After a case of swine flu was confirmed in the Midlands, Nariman Behravesh, chief economist at financial analyst IHS Global Insight, assesses the potential impact on commerce.

The sharp rise in the number of reported cases of swine flu – in a matter of days - has, once again, triggered fears of an epidemic that could have dire consequences for a global economy already suffering its worst downturn in six decades.

The bad news regarding this outbreak is that it could not have happened at a worse time, in terms of its impact on growth. The good news is that having learned from the SARS epidemic in 2003, and subsequent fears over the possible outbreak of an avian flu epidemic, the healthcare systems of many countries – especially in the developed world – are better prepared now than even a few years ago.

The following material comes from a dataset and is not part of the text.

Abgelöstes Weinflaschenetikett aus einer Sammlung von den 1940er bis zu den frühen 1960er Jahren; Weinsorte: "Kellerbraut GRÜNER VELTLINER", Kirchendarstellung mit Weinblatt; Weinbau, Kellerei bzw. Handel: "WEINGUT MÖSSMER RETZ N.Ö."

Many countries now have stockpiles of anti-viral drugs that could cover between 25 per cent and 50 per cent of the population. Unfortunately, many emerging markets have neither the drug stockpiles nor the healthcare systems to cope with such an epidemic. This means the economic impact of a potential swine flu epidemic will probably be much larger for emerging markets than developed ones.

Supply-side impacts

There are two ways in which a swine flu epidemic would have an impact on economic activity and growth. The first is the direct effects on the supply side of the economy. This includes the physical and psychological effects and includes:

n Deaths – measured by a reduction in the labour force.

n Worker absenteeism – measured by a reduction in overall hours worked.

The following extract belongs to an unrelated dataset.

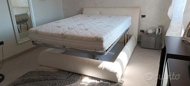 Letto matrimoniale con contenitore in ecopelle con rete a doghe . Meccanismo per alzare la rete perfettamente funzionante . Il letto di struttura è in ottime condizioni ma da rifare il rivestimento in ecopelle in quanto si sta rovinando. tutto sfoderabile. Testata letto con punti luce Swarovski. Materasso non incluso. Il letto si può assemblare e usarlo il rivestimento va messo alla fine tramite strappo.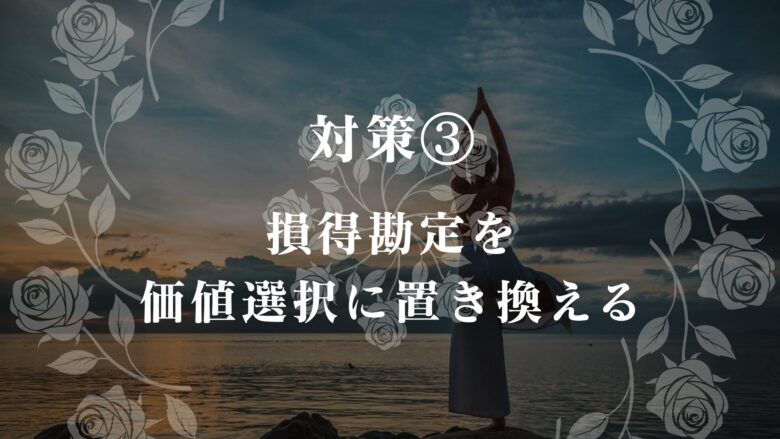 見返りを求めてしまう心理を今すぐ手放す対策の3つ目は、「損得勘定を価値選択に置き換える」です。

n Overwhelmed healthcare systems – measured by a reduction in both work hours and productivity.

n Closed schools and public transit systems – measured by a reduction in hours worked and productivity.

n Restrictions on in-bound travel, tourism and trade.

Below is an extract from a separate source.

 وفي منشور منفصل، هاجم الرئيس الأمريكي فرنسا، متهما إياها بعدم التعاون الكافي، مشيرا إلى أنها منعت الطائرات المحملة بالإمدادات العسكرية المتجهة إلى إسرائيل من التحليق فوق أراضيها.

For a mild epidemic, the supply-side impacts would be small – no more than a few tenths of a percentage point of GDP – and probably last less than a year. In a more serious epidemic, the supply-side impacts could be five to ten times larger and last at least two years.

Demand-side effects

The demand-side effects include the change in the behaviour of consumers and businesses in reaction to the pandemic. These effects are often two to five times greater than the supply-side impact. The economic consequences of Asia’s SARS outbreak in 2003 provide an instructive example. That outbreak caused only 800 deaths – in other words, its supply-side effects were rather insignificant, given the region’s huge populations.

Yet, psychological effects of the outbreak were considerable and led to a significant demand-side effect. Asia’s GDP growth was reduced by two percentage points in the third quarter of 2003 and by a 0.5 percentage point in all of 2003.

The demand-side effects encompass most spending categories, including:

n Travel and mass transit services.

n Hospitality services, such as hotels, restaurants and tourism.

n Retail and wholesale shopping.

n Other entertainment activities, including movies, theatres, concerts, sports, and gaming industries.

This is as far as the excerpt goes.